Segment Start: Given entries

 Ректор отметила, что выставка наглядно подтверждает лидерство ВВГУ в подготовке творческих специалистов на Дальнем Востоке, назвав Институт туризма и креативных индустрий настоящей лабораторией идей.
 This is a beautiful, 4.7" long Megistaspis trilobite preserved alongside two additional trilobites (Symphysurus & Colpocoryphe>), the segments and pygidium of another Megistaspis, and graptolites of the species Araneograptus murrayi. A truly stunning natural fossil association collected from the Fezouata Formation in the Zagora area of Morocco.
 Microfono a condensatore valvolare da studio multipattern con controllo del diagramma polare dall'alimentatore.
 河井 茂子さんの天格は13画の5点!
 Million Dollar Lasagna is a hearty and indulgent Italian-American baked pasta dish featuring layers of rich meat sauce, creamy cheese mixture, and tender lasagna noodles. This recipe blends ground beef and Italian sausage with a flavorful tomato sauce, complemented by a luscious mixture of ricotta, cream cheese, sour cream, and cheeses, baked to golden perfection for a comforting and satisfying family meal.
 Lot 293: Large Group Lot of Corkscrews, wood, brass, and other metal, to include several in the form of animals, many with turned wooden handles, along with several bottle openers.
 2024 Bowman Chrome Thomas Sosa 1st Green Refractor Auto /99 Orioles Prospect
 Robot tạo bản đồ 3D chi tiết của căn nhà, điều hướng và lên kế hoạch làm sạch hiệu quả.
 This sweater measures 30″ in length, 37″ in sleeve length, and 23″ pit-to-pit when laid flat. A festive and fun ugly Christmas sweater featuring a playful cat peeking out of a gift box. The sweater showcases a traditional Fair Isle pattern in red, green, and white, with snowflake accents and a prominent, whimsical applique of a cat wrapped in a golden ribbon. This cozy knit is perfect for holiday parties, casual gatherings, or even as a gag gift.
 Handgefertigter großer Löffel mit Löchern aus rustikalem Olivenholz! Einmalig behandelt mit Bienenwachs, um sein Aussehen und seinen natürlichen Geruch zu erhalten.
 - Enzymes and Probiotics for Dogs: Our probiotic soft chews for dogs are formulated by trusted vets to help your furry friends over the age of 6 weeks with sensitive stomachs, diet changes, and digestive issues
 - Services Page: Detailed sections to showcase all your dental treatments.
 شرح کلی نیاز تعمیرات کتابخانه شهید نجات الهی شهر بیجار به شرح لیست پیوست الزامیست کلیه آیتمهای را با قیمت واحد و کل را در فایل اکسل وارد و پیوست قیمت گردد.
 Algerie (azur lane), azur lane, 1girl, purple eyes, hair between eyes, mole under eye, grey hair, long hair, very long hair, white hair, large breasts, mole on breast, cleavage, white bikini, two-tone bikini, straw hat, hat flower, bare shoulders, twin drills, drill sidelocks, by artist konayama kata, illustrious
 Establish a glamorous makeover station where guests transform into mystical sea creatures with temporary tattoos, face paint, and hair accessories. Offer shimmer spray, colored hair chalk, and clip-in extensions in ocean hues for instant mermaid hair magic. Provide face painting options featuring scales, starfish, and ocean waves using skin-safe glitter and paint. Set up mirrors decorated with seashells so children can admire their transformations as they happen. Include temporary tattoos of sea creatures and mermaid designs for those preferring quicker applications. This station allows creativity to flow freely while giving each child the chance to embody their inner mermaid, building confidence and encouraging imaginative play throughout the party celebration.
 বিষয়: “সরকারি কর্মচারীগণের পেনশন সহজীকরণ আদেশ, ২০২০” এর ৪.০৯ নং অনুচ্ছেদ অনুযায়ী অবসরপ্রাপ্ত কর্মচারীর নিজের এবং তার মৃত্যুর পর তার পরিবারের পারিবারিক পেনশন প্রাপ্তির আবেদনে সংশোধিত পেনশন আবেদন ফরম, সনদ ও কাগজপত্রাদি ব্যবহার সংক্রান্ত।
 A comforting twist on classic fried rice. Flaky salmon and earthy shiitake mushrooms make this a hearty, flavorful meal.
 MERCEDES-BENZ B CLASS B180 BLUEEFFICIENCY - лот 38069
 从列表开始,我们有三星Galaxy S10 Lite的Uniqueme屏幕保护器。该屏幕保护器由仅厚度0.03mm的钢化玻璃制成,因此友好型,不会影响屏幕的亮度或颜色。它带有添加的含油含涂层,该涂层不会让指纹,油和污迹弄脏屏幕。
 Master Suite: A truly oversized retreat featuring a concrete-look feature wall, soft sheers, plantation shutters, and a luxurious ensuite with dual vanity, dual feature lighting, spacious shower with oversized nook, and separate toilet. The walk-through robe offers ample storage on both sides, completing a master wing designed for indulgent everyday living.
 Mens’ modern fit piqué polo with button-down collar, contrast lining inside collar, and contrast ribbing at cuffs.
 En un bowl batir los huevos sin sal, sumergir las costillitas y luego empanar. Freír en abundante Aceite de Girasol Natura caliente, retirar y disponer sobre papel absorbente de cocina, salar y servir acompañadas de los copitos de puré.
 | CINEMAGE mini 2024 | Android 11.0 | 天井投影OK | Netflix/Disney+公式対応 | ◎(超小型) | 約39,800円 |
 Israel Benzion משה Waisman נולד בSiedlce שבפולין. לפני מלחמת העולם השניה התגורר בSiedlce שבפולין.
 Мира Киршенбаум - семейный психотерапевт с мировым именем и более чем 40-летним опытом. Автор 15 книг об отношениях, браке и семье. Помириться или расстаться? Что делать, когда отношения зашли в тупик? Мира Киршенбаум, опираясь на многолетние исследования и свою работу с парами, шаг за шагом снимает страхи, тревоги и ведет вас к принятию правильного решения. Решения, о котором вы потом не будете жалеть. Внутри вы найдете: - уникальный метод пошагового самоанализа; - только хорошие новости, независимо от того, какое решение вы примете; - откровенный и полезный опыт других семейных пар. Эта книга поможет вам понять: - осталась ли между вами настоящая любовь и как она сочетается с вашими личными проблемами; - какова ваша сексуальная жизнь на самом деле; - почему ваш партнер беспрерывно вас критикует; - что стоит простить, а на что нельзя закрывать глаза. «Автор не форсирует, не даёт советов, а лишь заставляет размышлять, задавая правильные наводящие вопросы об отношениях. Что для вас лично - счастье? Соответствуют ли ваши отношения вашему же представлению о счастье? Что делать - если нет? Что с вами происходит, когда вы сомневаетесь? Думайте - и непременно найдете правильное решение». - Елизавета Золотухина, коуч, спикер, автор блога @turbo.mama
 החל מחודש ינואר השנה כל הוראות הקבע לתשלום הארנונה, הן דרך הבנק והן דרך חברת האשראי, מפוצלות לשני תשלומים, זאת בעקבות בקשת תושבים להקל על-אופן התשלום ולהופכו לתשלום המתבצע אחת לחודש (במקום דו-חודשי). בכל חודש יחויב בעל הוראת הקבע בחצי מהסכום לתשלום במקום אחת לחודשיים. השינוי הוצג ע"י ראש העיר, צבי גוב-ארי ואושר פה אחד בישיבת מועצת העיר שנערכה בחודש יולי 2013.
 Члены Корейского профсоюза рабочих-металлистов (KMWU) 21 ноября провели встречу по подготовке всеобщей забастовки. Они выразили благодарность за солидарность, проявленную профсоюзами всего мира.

Segment End: Given entries

- [Directions]
Beginning at the line above that contains "Microfono a condensatore", return each line exactly through the line that contains "شرح کلی نیاز", and no others.

- [Task response]
 Microfono a condensatore valvolare da studio multipattern con controllo del diagramma polare dall'alimentatore.
 河井 茂子さんの天格は13画の5点!
 Million Dollar Lasagna is a hearty and indulgent Italian-American baked pasta dish featuring layers of rich meat sauce, creamy cheese mixture, and tender lasagna noodles. This recipe blends ground beef and Italian sausage with a flavorful tomato sauce, complemented by a luscious mixture of ricotta, cream cheese, sour cream, and cheeses, baked to golden perfection for a comforting and satisfying family meal.
 Lot 293: Large Group Lot of Corkscrews, wood, brass, and other metal, to include several in the form of animals, many with turned wooden handles, along with several bottle openers.
 2024 Bowman Chrome Thomas Sosa 1st Green Refractor Auto /99 Orioles Prospect
 Robot tạo bản đồ 3D chi tiết của căn nhà, điều hướng và lên kế hoạch làm sạch hiệu quả.
 This sweater measures 30″ in length, 37″ in sleeve length, and 23″ pit-to-pit when laid flat. A festive and fun ugly Christmas sweater featuring a playful cat peeking out of a gift box. The sweater showcases a traditional Fair Isle pattern in red, green, and white, with snowflake accents and a prominent, whimsical applique of a cat wrapped in a golden ribbon. This cozy knit is perfect for holiday parties, casual gatherings, or even as a gag gift.
 Handgefertigter großer Löffel mit Löchern aus rustikalem Olivenholz! Einmalig behandelt mit Bienenwachs, um sein Aussehen und seinen natürlichen Geruch zu erhalten.
 - Enzymes and Probiotics for Dogs: Our probiotic soft chews for dogs are formulated by trusted vets to help your furry friends over the age of 6 weeks with sensitive stomachs, diet changes, and digestive issues
 - Services Page: Detailed sections to showcase all your dental treatments.
 شرح کلی نیاز تعمیرات کتابخانه شهید نجات الهی شهر بیجار به شرح لیست پیوست الزامیست کلیه آیتمهای را با قیمت واحد و کل را در فایل اکسل وارد و پیوست قیمت گردد.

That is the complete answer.